Adult-Acquired Flat Foot Deformity (AAFFD) is most commonly caused by a progressive degeneration of the tendon (tibialis posterior) that supports the arch of the foot. As the tendon ages or is subjected to repetitive trauma, it stretches out over time, the natural arch of the foot becomes less pronounced and the foot gradually flattens out. Although it is uncertain why this occurs, the problem is seen equally among men and women - at an increasing frequency with age. Occasionally, a patient will experience a traumatic form of the condition as a result of a fall from a height or abnormal landing during aerial sports such as gymnastics or basketball.
Adult flatfoot typically occurs very gradually. If often develops in an obese person who already has somewhat flat feet. As the person ages, the tendons and ligaments that support the foot begin to lose their strength and elasticity.
Symptoms of pain may have developed gradually as result of overuse or they may be traced to one minor injury. Typically, the pain localizes to the inside (medial) aspect of the ankle, under the medial malleolus. However, some patients will also experience pain over the outside (lateral) aspect of the hindfoot because of the displacement of the calcaneus impinging with the lateral malleolus. This usually occurs later in the course of the condition. Patients may walk with a limp or in advanced cases be disabled due to pain. They may also have noticed worsening of their flatfoot deformity.
Diagnostic testing is often used to diagnose the condition and help determine the stage of the disease. The most common test done in the office setting are weightbearing X-rays of the foot and ankle. These assess joint alignment and osteoarthritis. If tendon tearing or rupture is suspected, the gold standard test would be MRI. The MRI is used to check the tendon, surrounding ligament structures and the midfoot and hindfoot joints. An MRI is essential if surgery is being considered.
Non surgical Treatment
Non-surgical treatment includes rest and reducing your activity until the pain improves. Orthotics or bracing help support the tendon to reduce its pull along the arch, thus reducing pain.
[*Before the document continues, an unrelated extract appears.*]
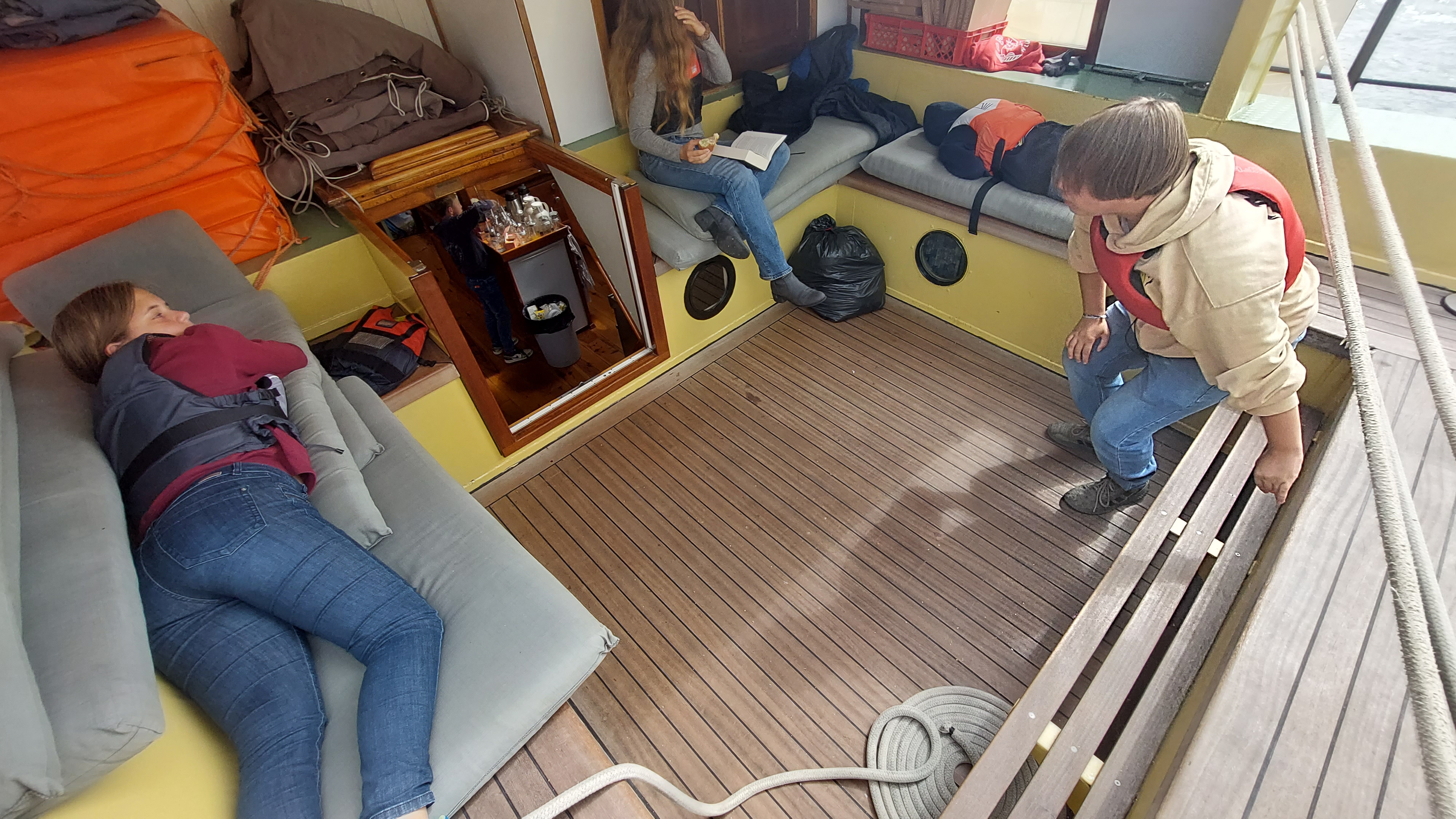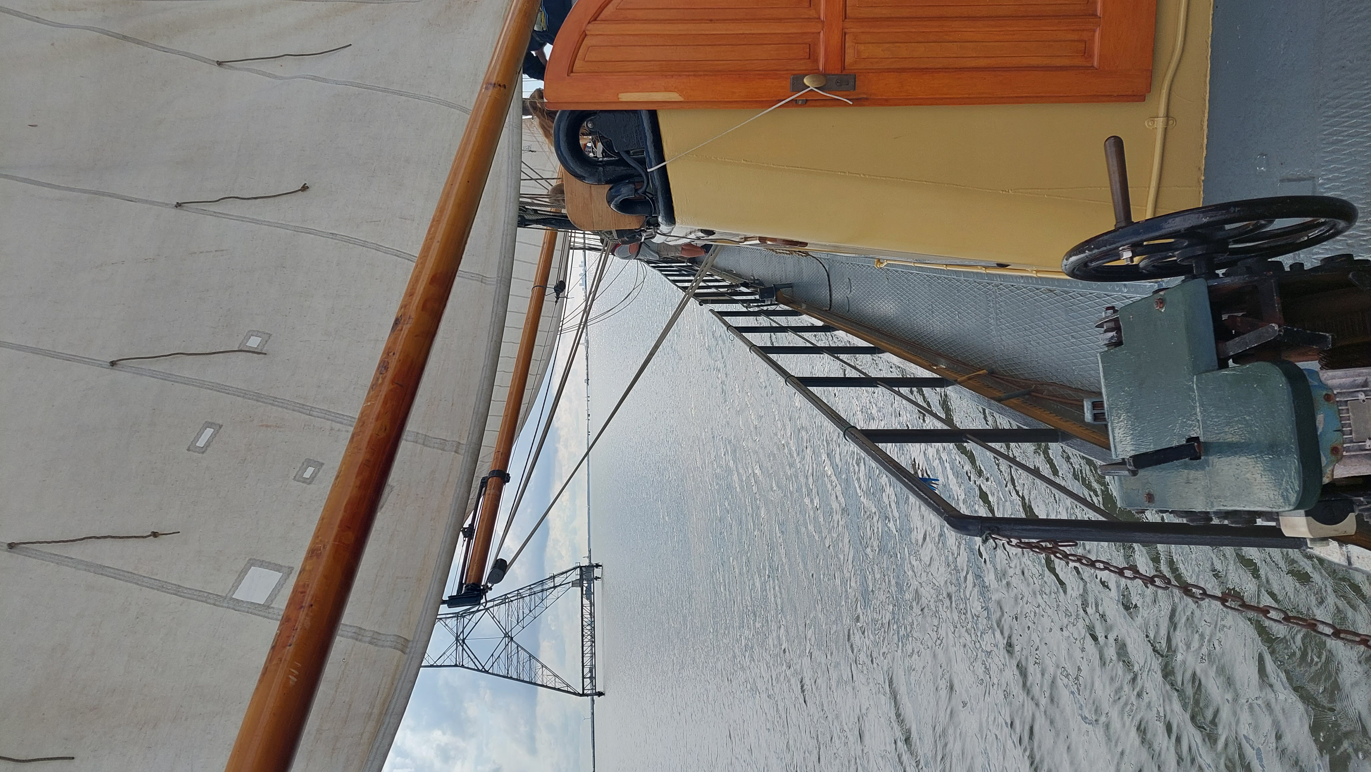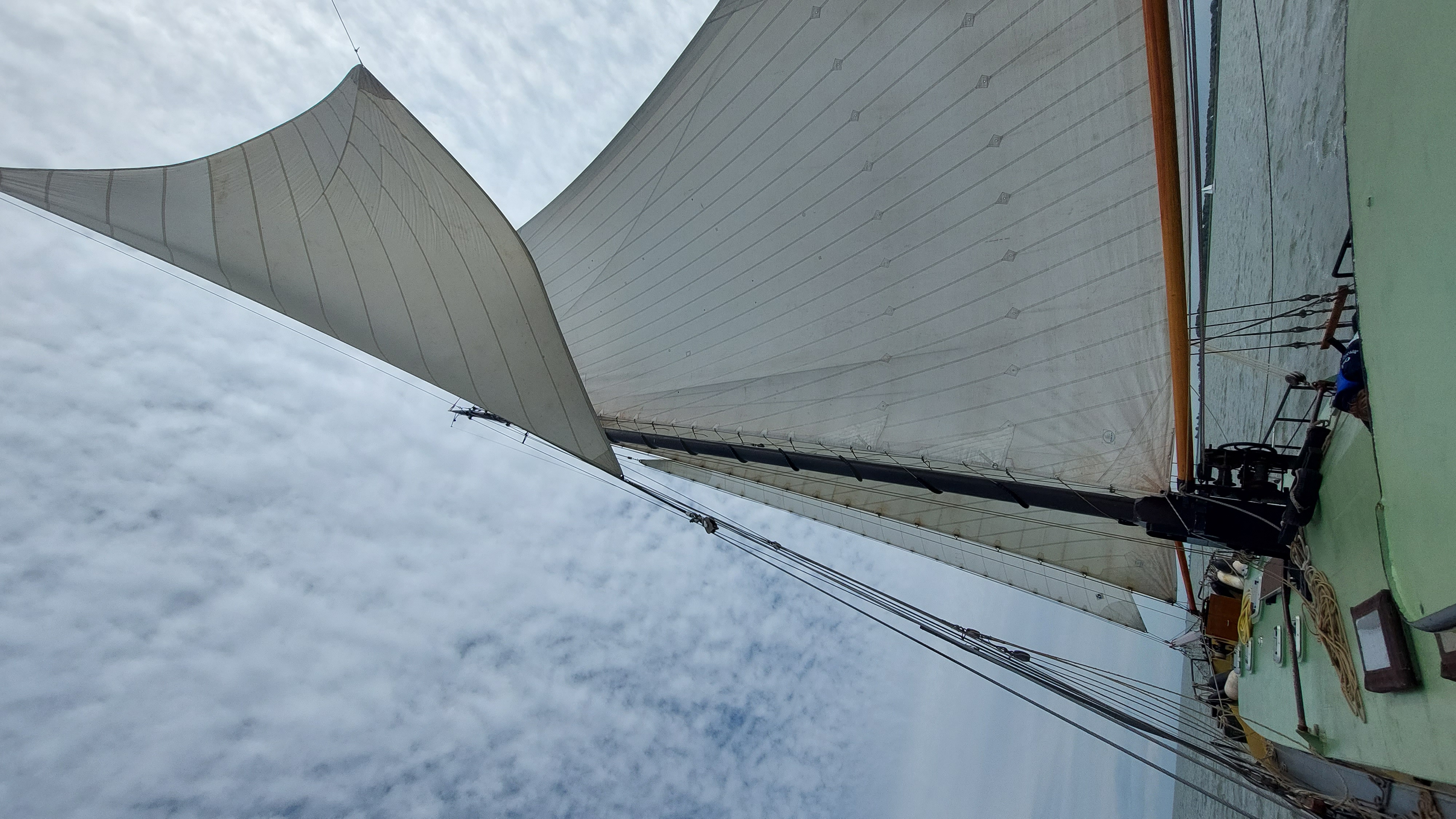 Nach knapp 2 Stunden konnten wir endlich Segel setzen. Klüver, Fock, Groß und Besan. Raumer Wind oder halberr Wind. 5 Knoten. Sonne, knapp 20 Grad.
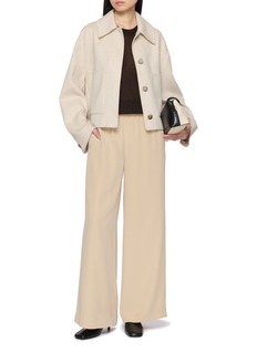 Defined by Joseph’s signature balance of fluidity and structure, these satin twill pants fall into a long, streamlined silhouette with an understated sheen. An elasticated waistband ensures effortless comfort, while the wide-leg cut lends quiet elegance from daytime refinement to evening ease.

In moderate to severe cases, a below knee cast or walking boot may be needed to allow the tendon to rest completely and heal. Physical therapy is an integral part of the non-surgical treatment regimen to reduce inflammation and pain. Anti-inflammatory medication is often used as well. Many times evaluation of your current shoes is necessary to ensure you are wearing appropriate shoe gear to prevent re-injury.
A new type of surgery has been developed in which surgeons can re-construct the flat foot deformity and also the deltoid ligament using a tendon called the peroneus longus. A person is able to function fully without use of the peroneus longus but they can also be taken from deceased donors if needed. The new surgery was performed on four men and one woman. An improved alignment of the ankle was still evident nine years later, and all had good mobility 8 to 10 years after the surgery. None had developed arthritis.